On Dec 7, 12:13 pm, djh <halitsk...@att.net> wrote: > It didn't occure to me to ask if we must say S,N (instead of N,S) if > we've said "Subset x MoSS" (not MoSS x Subset). > > If we're obligated to do so, then of course the two tables must be > presented as: > > SE and p values for u^2 in regression c on (e,u,u*e,u^2) for each > value of subset x MoSS | (Fold,Set,Len) = (all,all,all) > -------------------- > Subset > x u^2 > MoSS SE p > > S,N 35.17 0.457 > C,N 38.19 0.416 > S,R 36.88 0.434 > C,R 34.69 0.438 > -------------------- > > SE and p values for u*e in the regression c on (u,e,u*e), for each > value of subset x MoSS | (Fold,Set,Len) = (all,all,all) > -------------------- > Subset > x u*e > MoSS SE p > > S,N 0.491 0.454 > C,N 0.602 0.462 > S,R 0.547 0.463 > C,R 0.512 0.478
1. What does "(Fold,Set,Len) = (all,all,all)" mean?
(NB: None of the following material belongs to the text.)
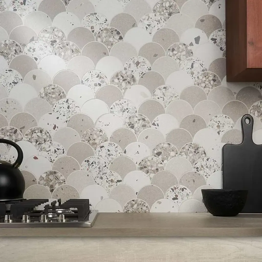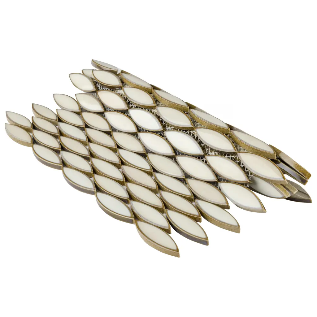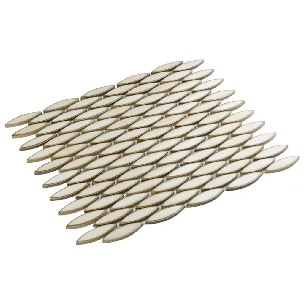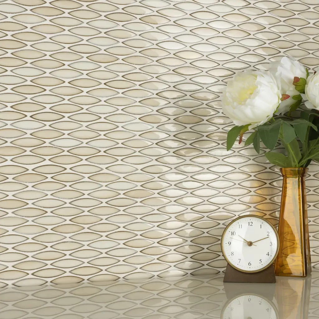 Our Pescado Glossy Crema Porcelain Mosaic Floor and Wall Tile captures the timeless appeal of mosaic tile in a modern geometric format. Featuring a visually rich reactive glaze with an eye-drop effect, these elongated oval tiles have soft hues of beige, cream and white that blend to taupe around the edges. This floor and wall tile creates the subtle illusion of movement through a pleasing mixture of warm-toned tints with additional depth provided by the smooth, high glossy finish. Its impervious and frost-resistant features make this an ideal tile for both indoor and outdoor residential use, including kitchen backsplashes, bathrooms, showers and accent walls. This tile is a perfect choice on its own or paired with other products in the Pescado Collection. Tile is the better choice for your space. This tile is made from natural ingredients, making it a healthy choice as it is free from allergens, VOCs, formaldehyde and PVC. 1.06 square feet per piece, each piece sold individually. Piece weight equals 2.2 lbs. Grade 1, first-quality porcelain tile for floor and wall use 12 in. width x 12.5 in. length x 0.25 in. thick mesh-mounted mosaic Glazed, smooth finish with a high sheen and moderate variation in tone PEI Rating I is suitable for light-duty residential floors, bathrooms and bedrooms without direct access from outside; no scratching dirt can be present Impervious tiles have a water absorption of less than 0.5% for indoor and outdoor use and are frost resistant This tile is not ADA approved for slip resistance with a DCOF value less than 0.42. Completely frost resistant for indoor or outdoor applications; use a latex-modified thinset for acceptable bond strength Please note: A sample of this product may be a partial piece cut from the full size tile in order to provide an affordable and convenient way for customers to judge the quality and finish of this item. Samples are not returnable.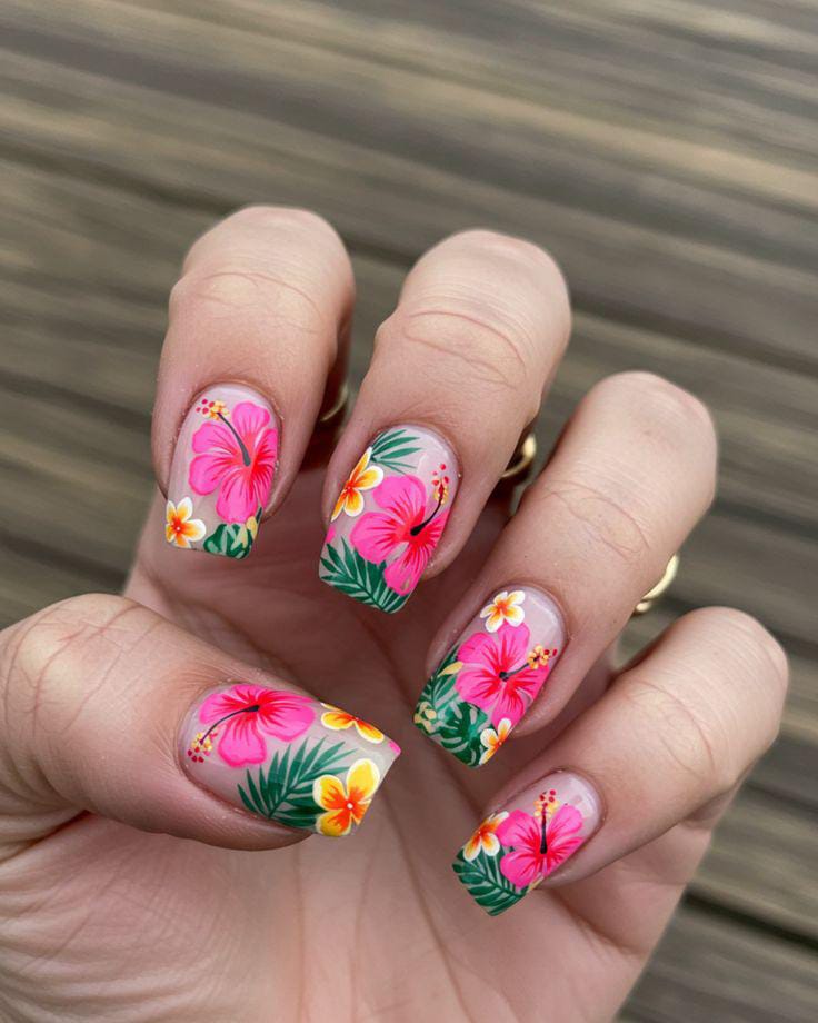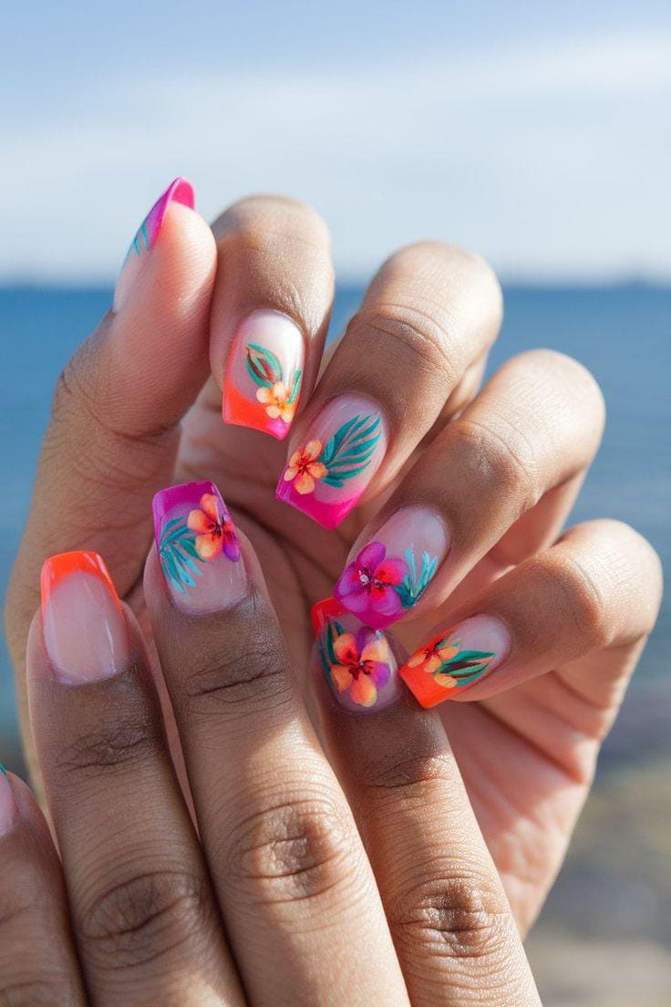This design features bright pink and coral tips with hand-painted tropical flowers and leafy accents. The overall vibe is vibrant and beachy, perfect for bold summer vacations and sunny days.

2. Something's wrong somewhere. Those p's are too similar to one another, and are too large to be consistent with the other results you've been reporting.
3. If all the p's for u^2 are truly that big then you should probably drop the quadratic model. Model selection generally starts with the most complicated model and works down. In particular, you should not be considering any results from regressing c on (u,u^2) if e matters.
4. SEP = sqrt[Residual Sum of Squares / df] = sqrt[Residual Mean Square] Are you sure Ivo's program doesn't give that as optional output?
5. Let the constant in the input to Ivo's program default to 1.
6. I have a hunch that Het may be related to a Subset x Fold interaction, where the d.v. is the average slope.
7. Your forthcoming explanation "using reasoning based on the behavior of the average slope Auq of c on (u,u^2) and the covariance AubC of e and u in c on (u,e,u*e)" will probably go right over my head, because I have only a hunch about what the average slope Auq of c on (u,u^2) might mean, and not a clue about what the covariance AubC of e and u in c on (u,e,u*e) might mean.